Peter Dalgaard BSA p.dalgaard@biostat.ku.dk
12 Apr 2000 13:18:37 +0200

Martyn Plummer <plummer@iarc.fr> writes:

> On 12-Apr-00 Peter Dalgaard BSA wrote:
> > Might be a good idea. Mind you, Splus 3.4 does exatly the same thing,
> > and I'm a little worried that the uniqueness assumption might kill
> > some bootstrapping applications:
> > 
> >  glm(y ~ x, data=test.data, subset=sample(seq(along=y),replace=T))
> Splus 5.1 doesn't do this, because it preserves logical vectors in
> data frames (but then perhaps comparisons with S4 or SPlus 5.x are
> irrelevant?)

They're sometimes relevant because they show what has been considered
a bug in 3.x... The convert-to-factor conventions in 3.x (and R) are
quite a bit of a pain in my opinion, but I'm afraid we're stuck with
them at least for the near future (we couldn't make an API change as
pervasive as that without bumping the major version number). 
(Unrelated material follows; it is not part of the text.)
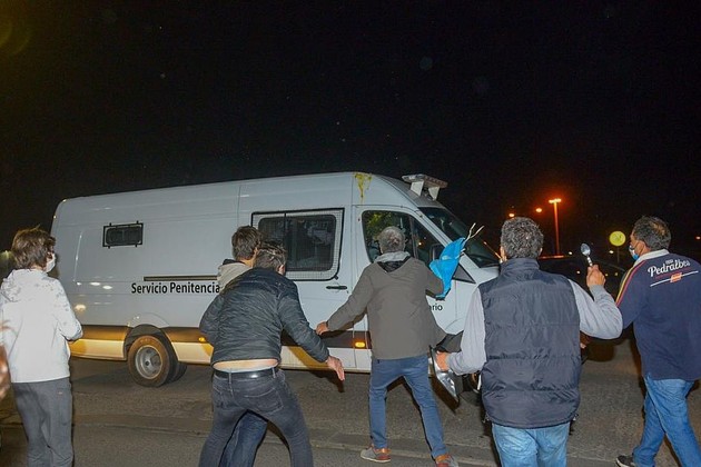 Finalmente, frustradas las intenciones de ingresar por la entrada principal y por otra de servicio, el utilitario con Báez se retiró. Presuntamente iba a ser llevado nuevamente a la cárcel de Ezeiza hasta que se decidan medidas para que se cumpla efectivamente y sin inconvenientes la resolución judicial y se preserve la integridad de Báez.

> I knew there would be a good reason not to implement this. My feeling
> is that high level modelling functions should protect the  user as
> much as possible. If you want more flexibility, you can always
> program around it.

Maybe, but... Getting people to program around S/R differences in
their add-on packages haven't always been unproblematic.

What would also catch your case would be to disallow factors as subset
variables, and I can't think of any situation where subsetting with a
factor would occur naturally. Does 5.1 allow subsetting with factors?